Internaliser, se couper du monde et notamment de son consommateur, est une option risquée. Etre dans son temps, encore aujourd'hui, et malgré Google trends, est l'atout exclusif des agences, démonstration en trois points.
Les agences évoluent à l'extérieur (La Palice)
1. Les agences sont des agents extérieurs, indépendants de leurs clients. Il y a des choses qu’elles font, d’autres qu’elles refusent de faire. Elles doivent convaincre, sans cesse, lors d’appel d’offres, et prouver qu’elles sont les plus justes dans leur capacité à toucher le consommateur.
2. Elles ne subissent pas la dictature de la corporate governance, qui a souvent transformé l’entreprenariat schumpetérien en board, somme d’individus masculins qui monitorent l’activité par quarters et abhorrent le risque.
3. Elles sont des dizaines, des centaines de clients. Dans un monde où la concurrence est inlassablement extra sectorielle, Google ou Amazon investissant dans la santé, c'est un atout. Air France, qui a internalisé une partie de sa communication, a-t-elle anticipé une fin probable du trafic national et investi dans une offre multimodale de transport ?

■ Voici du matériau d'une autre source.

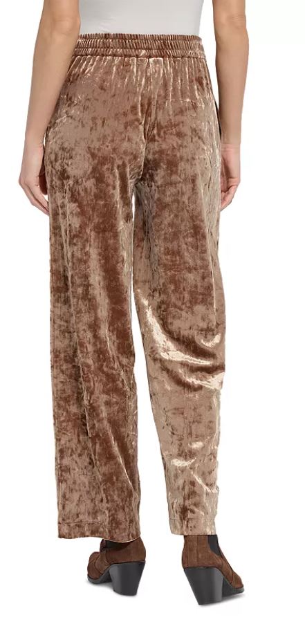 The richly detailed Shay Crushed St. Velvet Suit Pant offers a wide leg, flat front, center front pintucks, side pockets with mesh lining, and an elasticated back waist. Created from 2-way stretch Crushed Stretch Velvet, these wide-leg suit pants are sleek, soft and machine washable. Pull them on with the matching Ezra Velvet Top for an elevated, sleek look.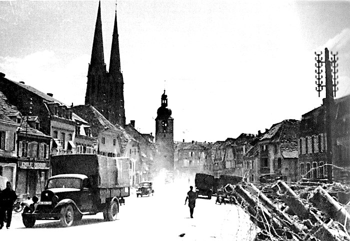 La rue principale de Sarralbe semble épargnée mais la ville a payé un lourd tribu à la bataille.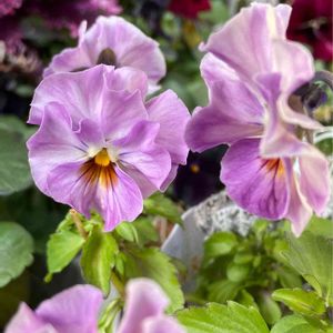ビオラ アールヌーボーさん🌸 ピンクとも紫ともいえない なんとも素敵なお色💕 そしてかわちいお顔😊 お花があちこちいろんな方向向いてて ちょっと撮影しにくいけど😅 とりあえず左側の子にピントを合わせてパチリ✨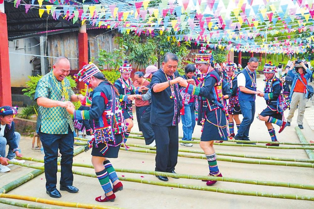 共跳竹竿舞。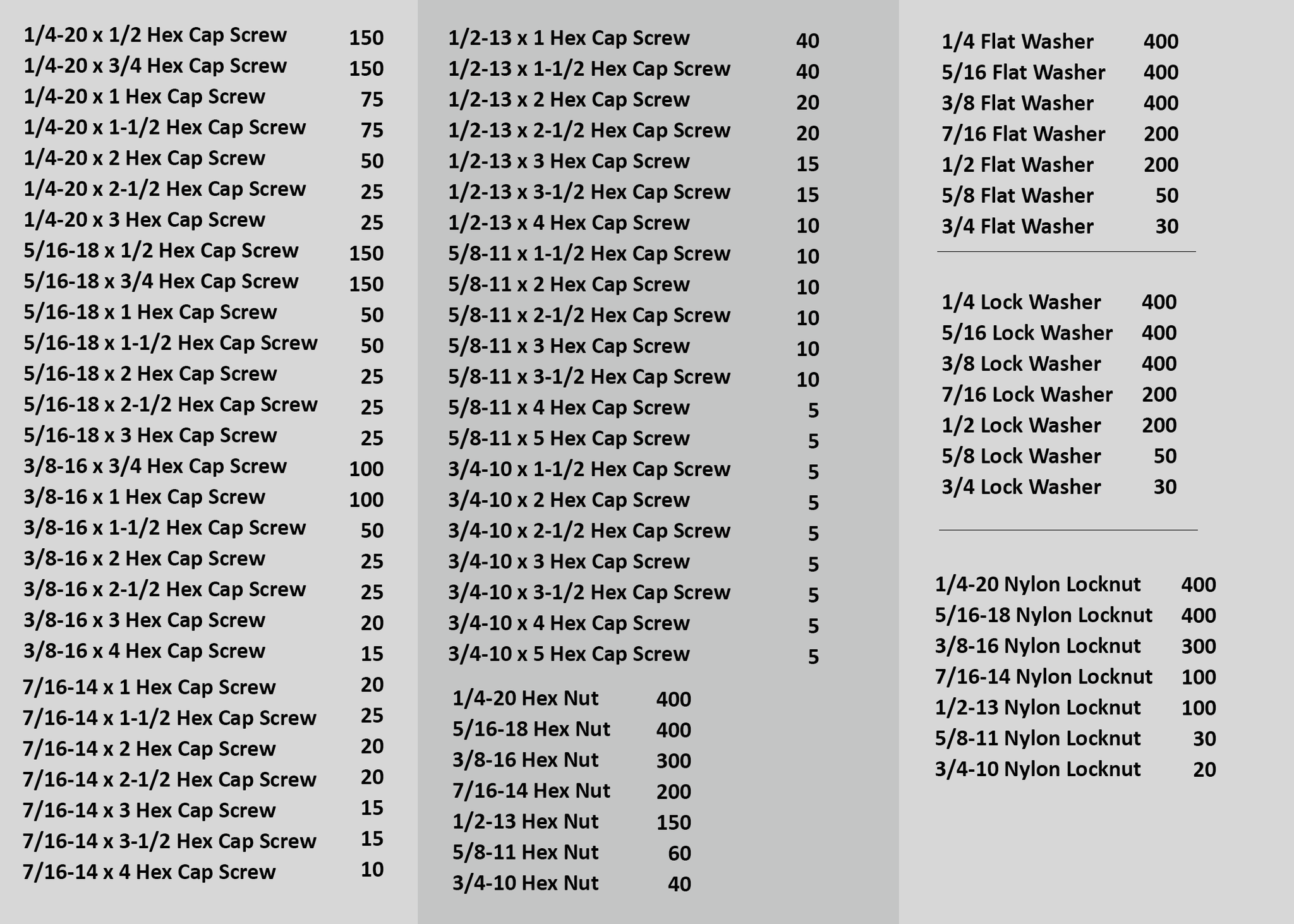 - All of the most common fastener sizes in 1/4, 5/16, 3/8, 7/16, 1/2, 5/8, and 3/4. This kit includes the best proportional of bolts to nuts/washers for the money.

Cité dans le rapport Warc 2019 sur l’in-housing, Fernando Machado, Global CMO de Burger King reconnait : “From my experience, [creatives] need to be thinking about more than one thing at the same time as they get really bored, and I like the fact that the creative folks at our partners live and breathe in a different environment, in a different culture than the culture that I have in the office. I would be afraid of bringing these guys in and turning them into us.”
Etre de son temps, mais aussi, retenir les talents : travailler en agence, c’est avoir un quotidien semé d’embûches, un tracé non linéaire, un monde d’opportunités et de disruption qui sans cesse force à penser différemment. Havas a créé le Cortex, qui mélange au sein d’un même planning stratégique, des compétences media, créa, data, technologiques, études… Agile et désiloté.
Ces mystères nous dépassent, feignons d'en être les organisateurs
La course à la compréhension du consommateur et à l’automation des campagnes, avec son corollaire d’optimisation, sont un enjeu, à la fois capital et de capital. Publicis mène la danse, à coups d’investissements importants et de politique d’innovation à marche forcée, notamment grâce au carton Vivatech. Avec Prodigious, elle a installé des studios de "in-house" (cf. notre papier) Havas a fait le choix de développement interne et teste de nouveaux modèles avec sa filiale Agence79 : pour Club Med, Agence 79 propose Home, une offre d’inHousing, où l’agence intègre ses propres équipes chez l’annonceur. Un partenariat qui motive l’échange et ne coupe pas l’annonceur des tendances tant marché que technologiques. Ainsi, Home délivre du conseil, des audits, de la formation et du placement de profils en régie chez l’annonceur.
Dans ce domaine hautement capitalisé de la donnée, des insights et de la technologie, les partenariats annonceurs agences doivent êtres préservés. Il ne suffit pas de recruter les meilleurs data scientists, ingénieurs et consultants. Il ne suffit pas de développer sa plateforme de gestion de donnée, son full stack inHouse. Les outils de l’intelligence artificielle resteront au service de l’aide à la décision. Là encore, la concurrence des avis et points de vue, sera essentielle.
L’enjeu du futur des relations annonceurs/agences ? Créer un écosystème durable et fructueux, mais surtout, hybride. Intégrer des équipes d’agence au sein des annonceurs, voire intégrer des annonceurs dans les comités de direction de leurs agences.